Тут тетя Вера увидела кругляшки фарша и покачала головой так, что мне стало стыдно.
– А ну! Живо выбирайтесь со стола и спать! – рявкнул дядя Слава.
– Я еще не доел, – спокойно сказал Женька, засовывая кусок хлеба себе в рот.
– Я тебе щас доем! – просипел Женькин отец, – я тебя щас так накормлю, что больше есть не сможешь!
Женька понял, что ужин закончен и мигом вылетел из-за стола. Следом, сгорая от стыда за несъеденные кусочки фарша, вылетела и я.
После ужина взрослые немного отошли от гнева и разрешили нам немного поиграть, а затем велели укладываться спать. Лежа в постели, я обнимала тёплый бок тётки, я думала о том, как мы завтра с Женькой пойдем в Хунгуру за живыми игрушками.
Во сне я увидела гнома и барби, которые сидели за столом и пили чай, обсуждая погоду за окном. Гном был в вязаной шапке и зелёной куртке, барби сидела в белом платье, усыпанном блестящими стразами и красивым ободком на маленькой головке. Вдруг гном тыкнул пальцем в окно и воскликнул:
– Эка же, сколько снега навалило!
Барби, надкусив шоколадную конфету, кивнула златокудрой головой.
– В такую погоду рыба вряд ли будет клевать. – с сожалением в голосе произнесла она.
– Ничего, сходим, попробуем. – сказал гном почему-то голосом дяди Славы и затем крикнул:
– Эй, Женька, проснулся? Пойдёшь с нами на рыбалку?
Я открыла глаза и увидела, что уже совсем светло. За столом сидят тётя Вера и дядя Слава и пьют чай. Отца Женьки в доме не было, очевидно, он пошёл задавать корм скоту. Женька лежит на соседней кровати, на которой он спал с дядей Славой и трёт глаза. На вопрос дядьки он сонно пробормотал:
– Нет, я не хочу.
Мы с Женькой позавтракали кашей с маслом, запили чаем с молоком и попросились на улицу под предлогом поиграть. Однако, мы помнили с ним, что сегодня отправляемся на соседний гурт за живыми игрушками.
Мы надели шубы, валенки и шапки. На наши шеи тётя Вера повязала шарфы. Когда мы вышли на улицу, я спросила у Женьки:
– Женька, а там в Хунгуре есть барби и гном?
– Конечно, есть! – ни секунды не медля, горячо отозвался он. – Там есть все волшебные существа. А еще есть пираты и ковбои на маленьких лошадях!
Я посмотрела на него: не врет ли? Но вроде нет – не смеётся и говорит серьёзно.
Из дома вышли Женькин отец и дядя Слава с походными рюкзаками на плечах. В руке у дяди Славы был металлический ледобур. Переговариваясь, они вышли за калитку и двинулись в сторону реки. На рыбалку пошли.

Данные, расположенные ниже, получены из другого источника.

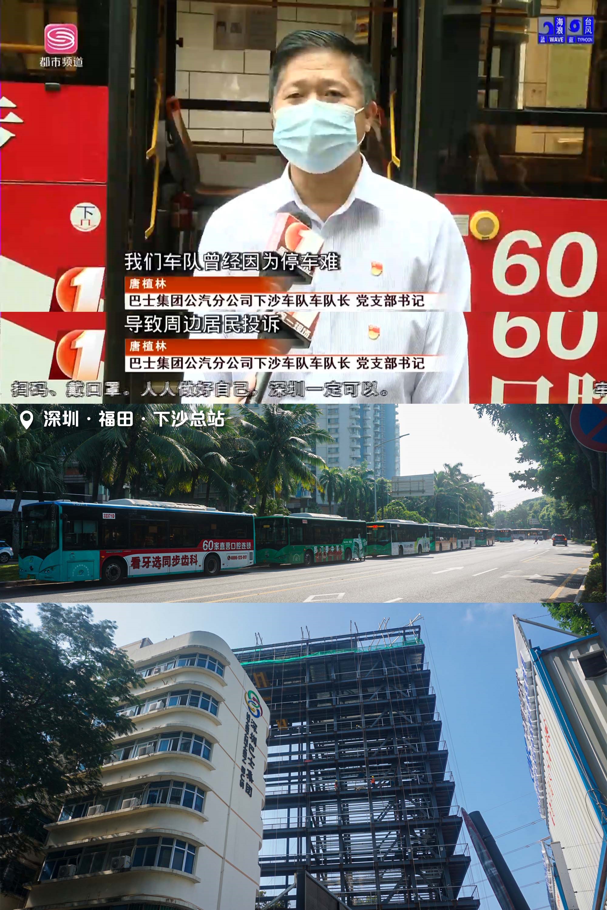 下沙片區加上輔道6車道的福榮路,高峰小時流量不到1400pcu,整天稀稀拉拉沒幾個車;公交車輛停路邊被趕,企業還得投資建可靠性存疑的機械立體車庫,怎么看都是捏軟柿子(電視節目截圖:深圳電視臺《第一現場》[5];照片攝于2021年11月)
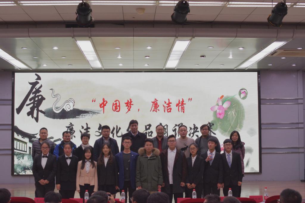 为了响应我校“立德,担当,守规”廉洁主题教育宣传月,11月18日晚7时,电子工程学院举办的“中国情,廉洁梦”主题朗诵比赛决赛,该比赛在苍梧校区艺术楼报告厅顺利举行。出席本次决赛的评委嘉宾有校纪委副书记王吉春,学生工作处处长朱国军,校团委副书记朱小明,电子工程学院党委书记陶建兴,电子工程学院党委副书记钱汉珍以及电子工程学院各辅导员。最终,测控181的田俊龙、吴怡汐、施倩,电科嵌181的金毅,以及电子181的罗燕洋组成的团队获得一等奖。
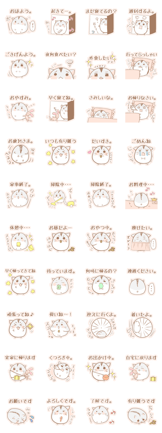 主婦のハムスターの日常をスタンプにしました。旦那さんや同棲中の彼氏さん、ママ友に、ハムスターが変わりにあなたの日常を伝えます。
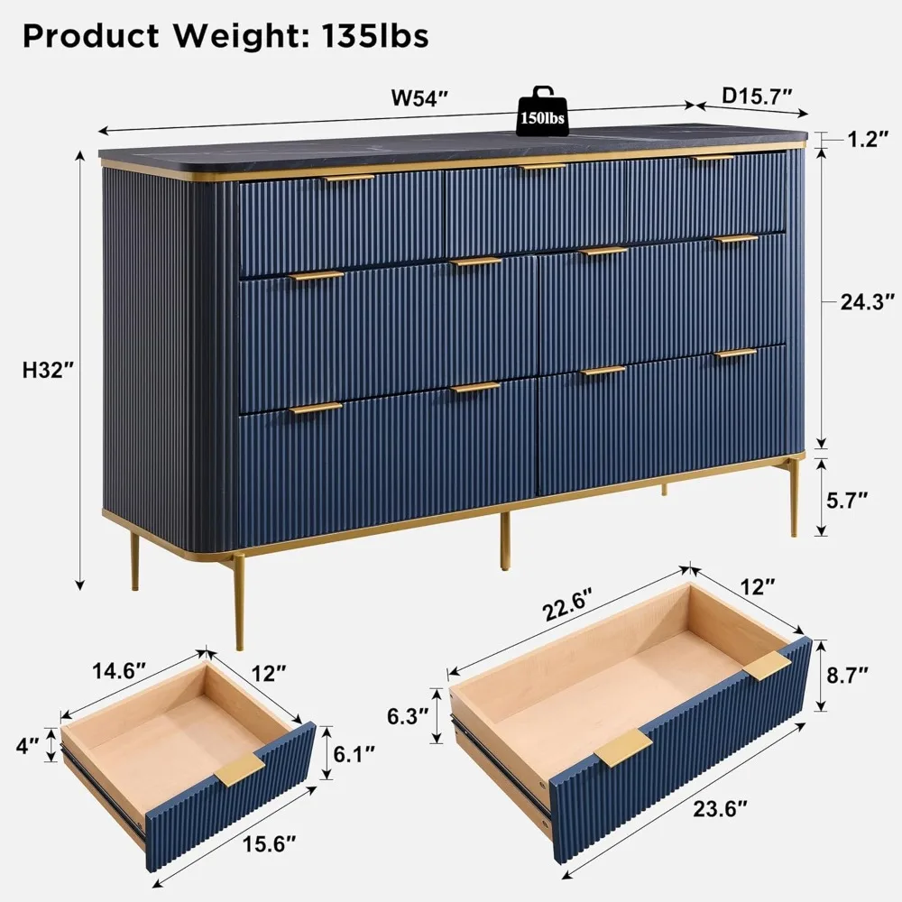 Fluted 7 Drawers Dresser for Bedroom, 54" Wide Modern Dresser TV Stand, Gold Accents, Fluted Fronts, Wood Storage Dressers Orga
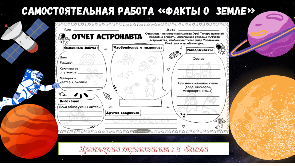 Предлагаю вам закрепить знания при помощи .Ваша задача написать все факты которые вы знаете про нашу планету «Земля» Самостоятельная работа.
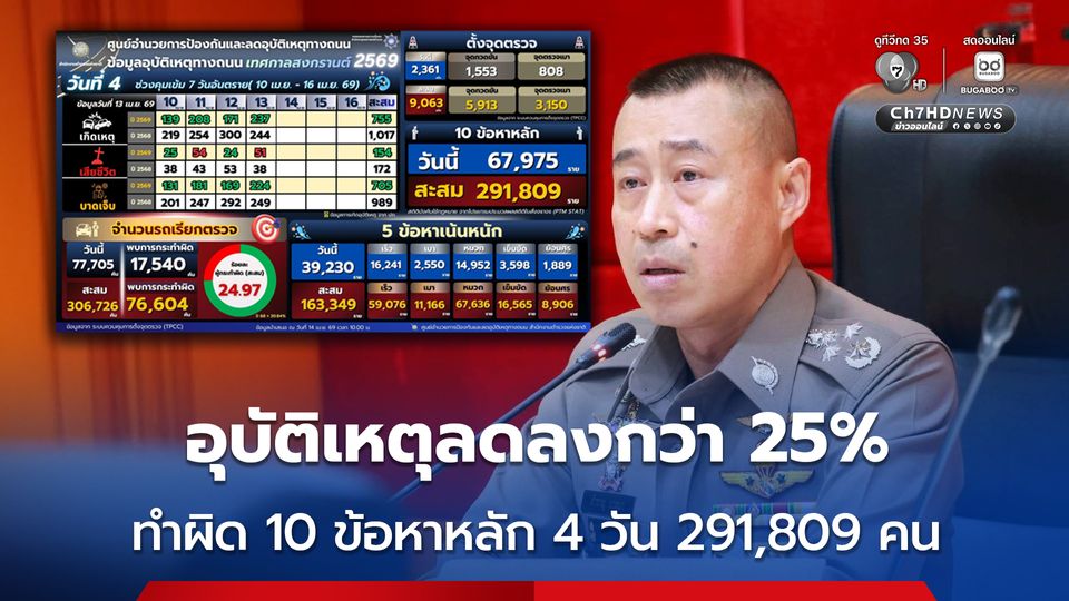 สำนักงานตำรวจแห่งชาติขอบคุณประชาชนร่วมรักษาวินัยจราจรเทศกาลสงกรานต์ สะท้อนจากสถิติอุบัติเหตุลดลงกว่า 25% เผยผู้กระทำผิดใน 10 ข้อหาหลักทั่วประเทศ สะสม 4 วัน 291,809 คน
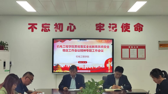 会上,党总支副书记、经理黄双成首先传达了河南省教育系统安全稳定工作会议精神,重点传达了河南省委教育工委副书记、省教育厅党组书记、厅长毛杰同志关于校园政治安全、意识形态安全、校园消防安全、食品安全、员工心理健康、交通安全等十项重点安全工作的重要指示以及公司党委书记闫俊山同志关于学校安全工作的具体部署。黄双成指出,大家要深刻领悟毛杰厅长所提到的保持清醒认识、狠抓重点工作、扛牢政治责任的要求,从思想上认识到安全是学校发展的基石,只有确保校园的安全稳定,才能为师生创造良好的学习和生活环境,才能推动学院各项事业的蓬勃发展。黄双成还强调,在喜迎中华人民共和国成立75周年的关键时间、关键节点,安全问题重于泰山、责无旁贷。对此,他结合学院工作,对节前实训室管理、教学管理工作以及过节期间辅导员工作做出了一系列具体部署和安排。
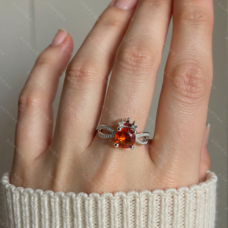AOPOSS白姿[星耀皇冠]戒指女款原创设计红色闪小众耳饰个性时尚

Мы с Женькой пару дней назад тоже ходили на рыбалку. И та рыбалка очень нам запомнилась, особенно дяде Славе. И мне даже посчастливилось поймать ленка. Ух, и большой же он был!
Дядя Слава насадил на крючок белого жирного короеда и забросил леску с лунку. Леска тут же натянулась из – за тяжёлого грузила. Дядька велел мне держать короткое удилище и иногда покачивать им.
– А зачем так покачивать? – спросила я. Дядя вглянул на меня, снял варежку и утёр мне нос.
– Когда рыба будет проплывать мимо короеда, она увидит, что он танцует, остановится посмотреть, а потом клюнет, – поведал он о хитрости рыболовного приёма.
– А если короед не будет танцевать, она не клюнет?
– Думаю, нет, – ответил дядя Слава. – Ей же скучно там, подо льдом. От скуки она его попросту не заметит и проплывёт мимо.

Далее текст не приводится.